Originally Posted by Boris_Petrov

We still use hp but not kW. Do you think i can mantain stable hp with 12.5 comp and 98 octane cause I don't have access to e85?

Sent from my SM-A520F using Tapatalk

Without E85, 10 psi is around the max you will see. You won't see over 300whp with that. More psi just means more changes to timing and cam profiles to be safe, so there are diminished returns running more power. You may get more power going more aggressive with the tune, but then that would decrease reliability.

Check that out. Double the boost did minimal to the power on 91 pump (95 RON) equivalent. Delicious mentions not being a fan of lowering the compression on these motors, but then again, I don't know what they would recommend if E85 wasn't available and you wanted more power. There may be tuning issues or unknowns with the D4S system if you drop compression. You may want to reach out to a tuner like Delicious to see what they would recommend for your power goals.

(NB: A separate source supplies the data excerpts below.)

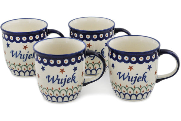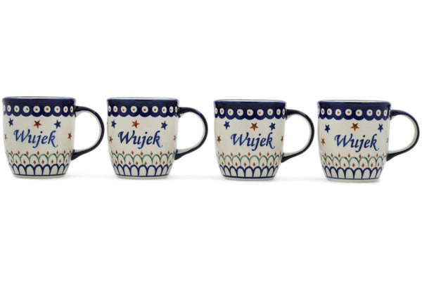 This Polish Pottery 12 oz Set of 4 Mugs - Wujek-Uncle is handmade and handpainted by the Zaklady Ceramiczne factory in Boleslawiec, Poland.
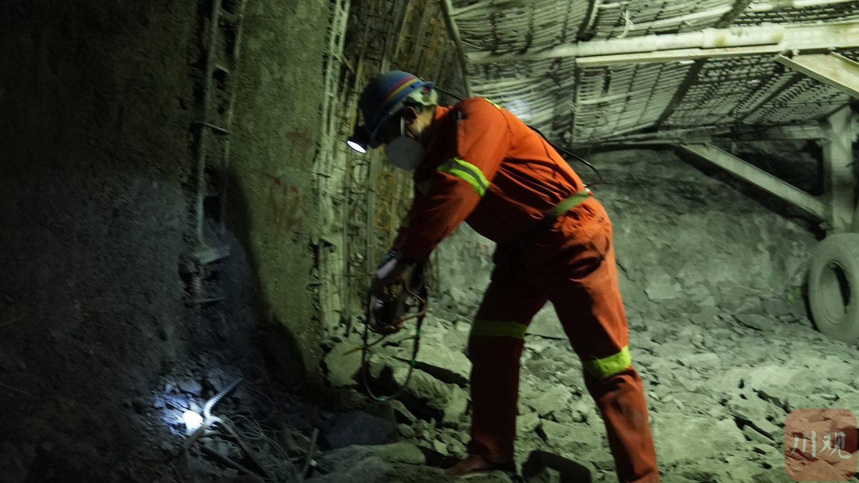 说话间,一辆挖掘机搭载着弧形的连接筋前来,几名工人上前抬起连接筋,放置到台车底部。台车顶部,在技术人员的指导下,连接筋拼接成型,电焊工开始工作,火花从高处滚落,分外好看。身穿红色制服的瓦检员赵德裕站在旁边,一直监测记录着异常气体的数值。
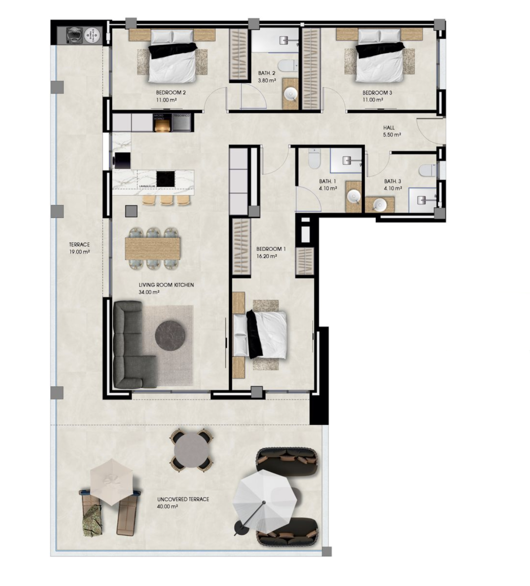 La distribución interior consta de un vestíbulo de entrada que conduce al amplio salón y comedor de planta abierta con ventanas que dan a la terraza privada. Dentro de la sala de estar principal hay una cocina moderna de estilo americano totalmente equipada con barra de desayuno. El amplio dormitorio principal incluye un cuarto de baño en suite, un vestidor y puertas que dan a la terraza. Hay otros dos dormitorios dobles de buen tamaño (uno de ellos con baño en-suite) y un baño de invitados independiente. Los apartamentos están completamente amueblados, incluyendo todos los electrodomésticos de cocina y la iluminación.
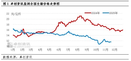 综上所述,2025年12月生猪市场将呈现“供需双增”的格局,但需求端的增量或难抵供应端的增量,猪价下跌预期较高。尽管腌腊旺季的阶段性需求可能为价格提供短期托底,但整体下行趋势难以改变。卓创资讯预测,12月全国生猪均价或在10.8-11.3元/公斤区间运行,较11月仍有下跌空间。对于养殖主体而言,当前应理性看待旺季行情,避免过度压栏,及时根据自身养殖成本和市场价格调整出栏进度,避免在市场情绪影响下集中出栏,导致价格踩踏。
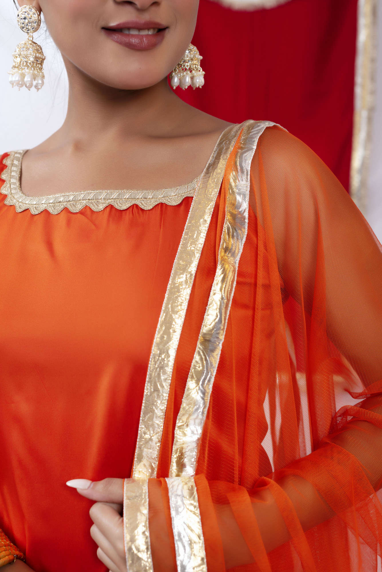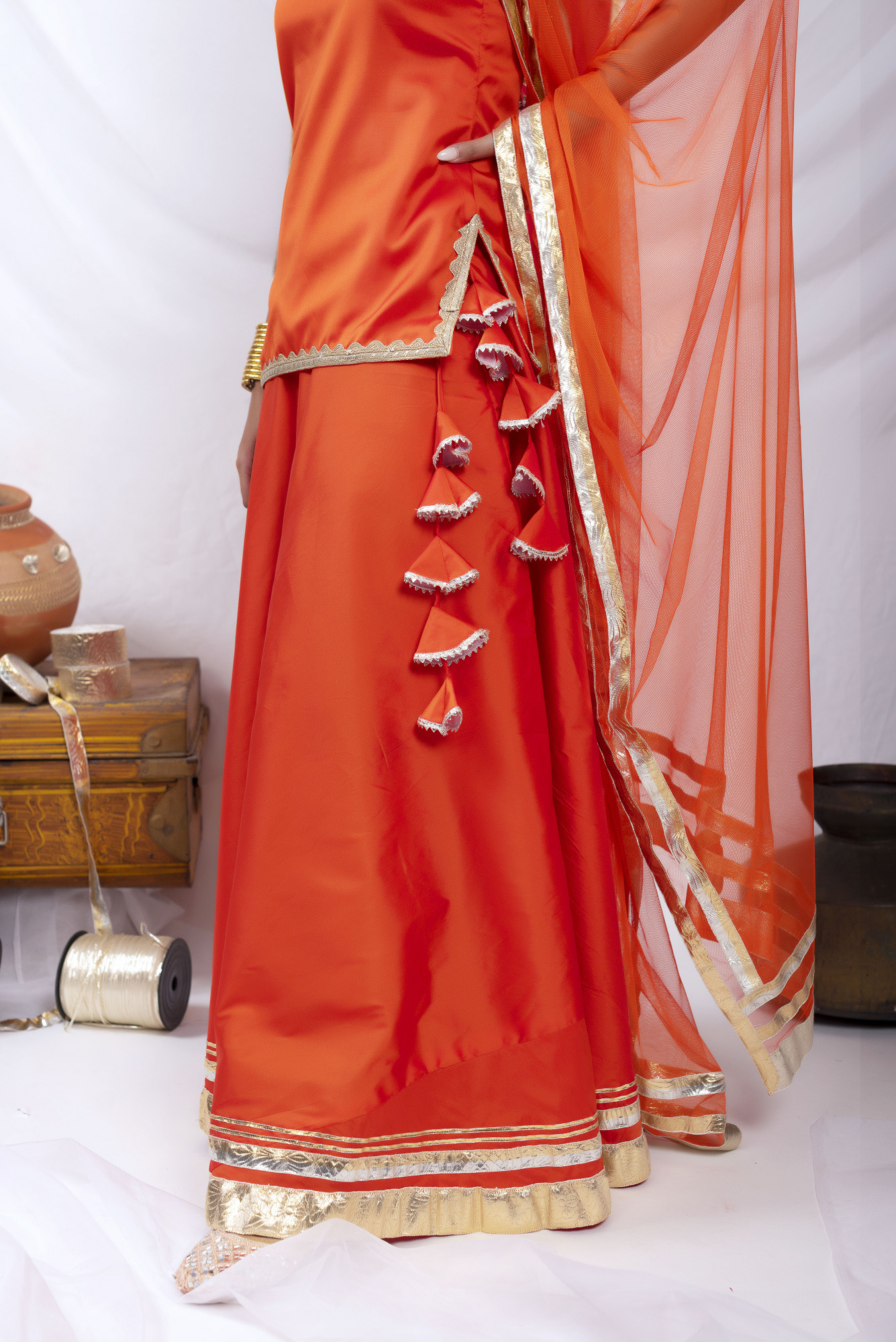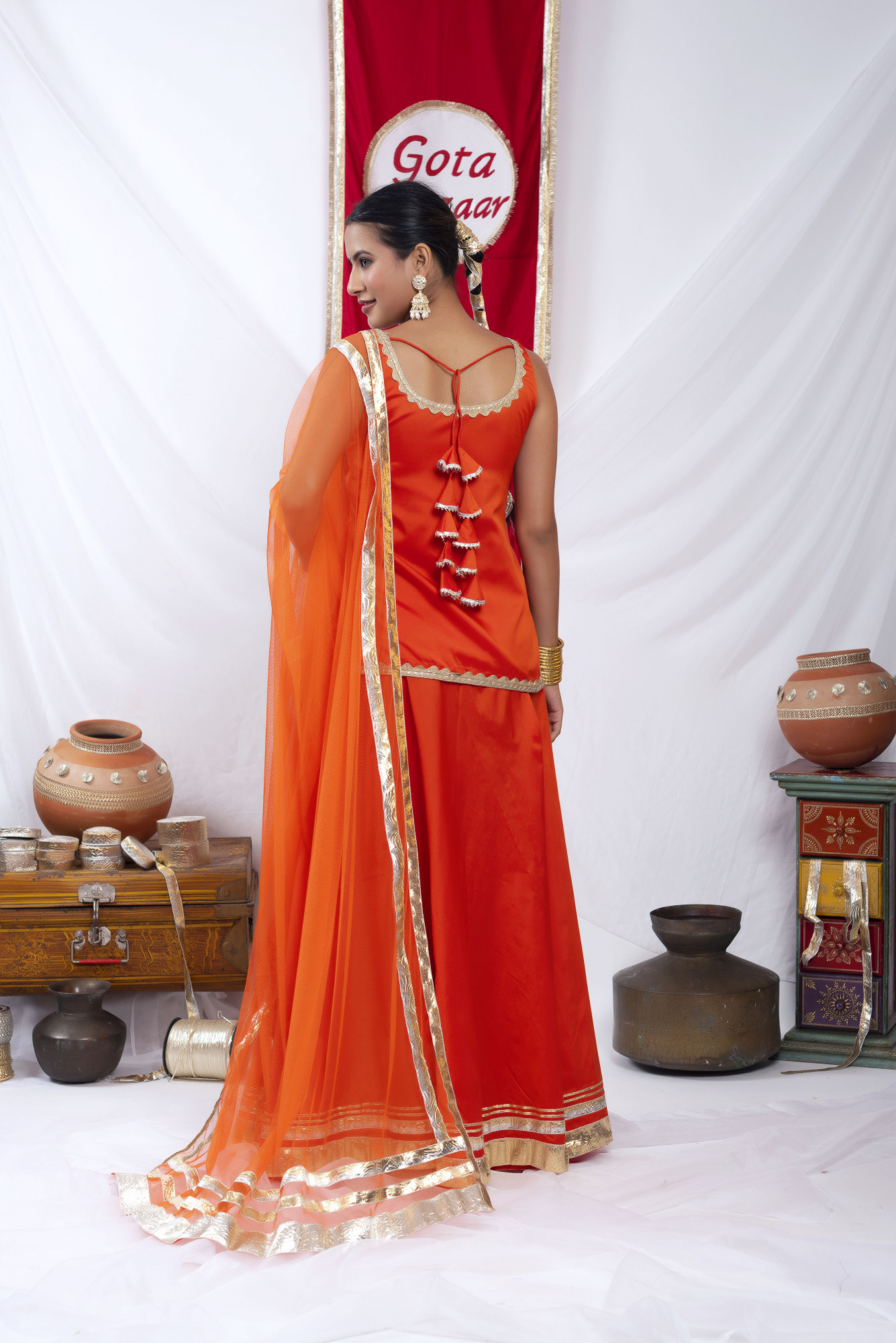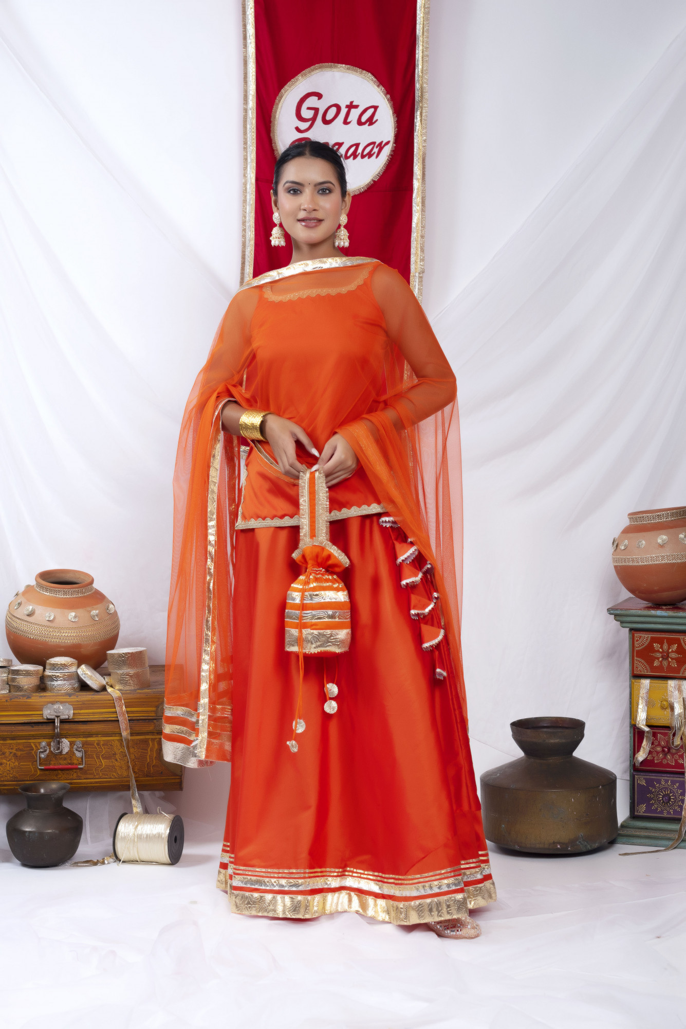 Gota bazaar Orange Tafetta Silk Short kurta & Skirt Set

http://www.ft86club.com/forums/showthread.php?p=2797219

[DarkPira7e]

Quote:

Originally Posted by Irace86.2.0

Without E85, 10 psi is around the max you will see. You won't see over 300whp with that

Don't you think total CFM the turbo flows should also be considered? I know in general, most people will be running similar sized turbos if they're afraid to build the engine. But what of someone who slaps their GT4088 or GT35? 10PSI on one of those is a whole lot more air than on a GT2867. I'm asking candidly, I don't know!

[Irace86.2.0]

Quote:

Originally Posted by DarkPira7e

Don't you think total CFM the turbo flows should also be considered? I know in general, most people will be running similar sized turbos if they're afraid to build the engine. But what of someone who slaps their GT4088 or GT35? 10PSI on one of those is a whole lot more air than on a GT2867. I'm asking candidly, I don't know!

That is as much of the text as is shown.